Top of Information provided

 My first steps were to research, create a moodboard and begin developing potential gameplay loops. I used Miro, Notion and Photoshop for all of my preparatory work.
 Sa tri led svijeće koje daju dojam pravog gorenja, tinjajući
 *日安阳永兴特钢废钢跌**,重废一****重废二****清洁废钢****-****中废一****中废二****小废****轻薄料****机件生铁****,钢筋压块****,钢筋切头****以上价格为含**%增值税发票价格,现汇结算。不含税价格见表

Bottom of Information provided
Top of Information provided

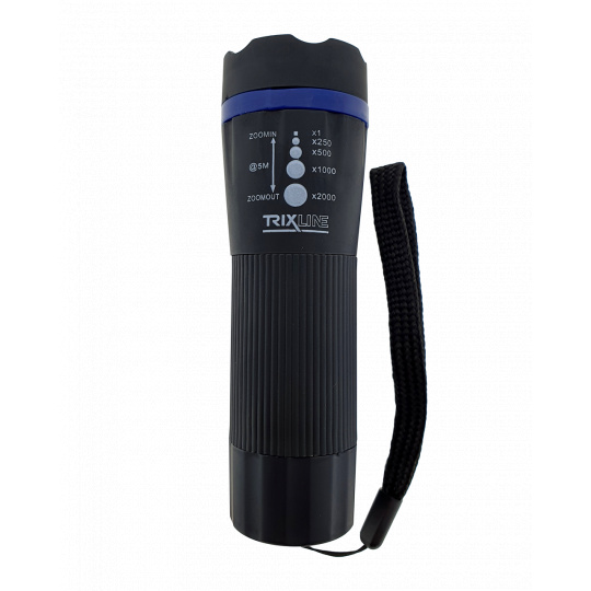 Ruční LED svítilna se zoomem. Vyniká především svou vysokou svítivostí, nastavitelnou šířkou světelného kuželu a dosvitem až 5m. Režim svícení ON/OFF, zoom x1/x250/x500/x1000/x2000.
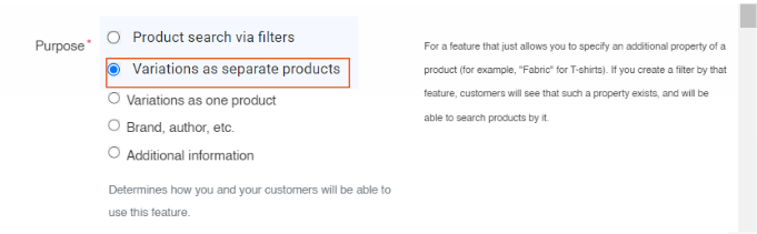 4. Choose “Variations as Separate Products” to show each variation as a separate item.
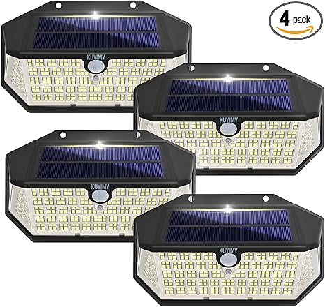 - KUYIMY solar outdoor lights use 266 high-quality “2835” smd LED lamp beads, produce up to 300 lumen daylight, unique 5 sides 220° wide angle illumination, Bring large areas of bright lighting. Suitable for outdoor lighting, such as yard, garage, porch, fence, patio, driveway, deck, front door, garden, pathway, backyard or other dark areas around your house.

Bottom of Information provided
Top of Information provided

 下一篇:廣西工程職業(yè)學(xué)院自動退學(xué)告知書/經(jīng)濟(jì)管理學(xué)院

Bottom of Information provided

Exercise prompt:
Up in the listing, locate the line with "a separate item."; print it and every line after it down to the line with "- KUYIMY solar", which is included too. Skip the pictures.

Task solution:
 4. Choose “Variations as Separate Products” to show each variation as a separate item.
 - KUYIMY solar outdoor lights use 266 high-quality “2835” smd LED lamp beads, produce up to 300 lumen daylight, unique 5 sides 220° wide angle illumination, Bring large areas of bright lighting. Suitable for outdoor lighting, such as yard, garage, porch, fence, patio, driveway, deck, front door, garden, pathway, backyard or other dark areas around your house.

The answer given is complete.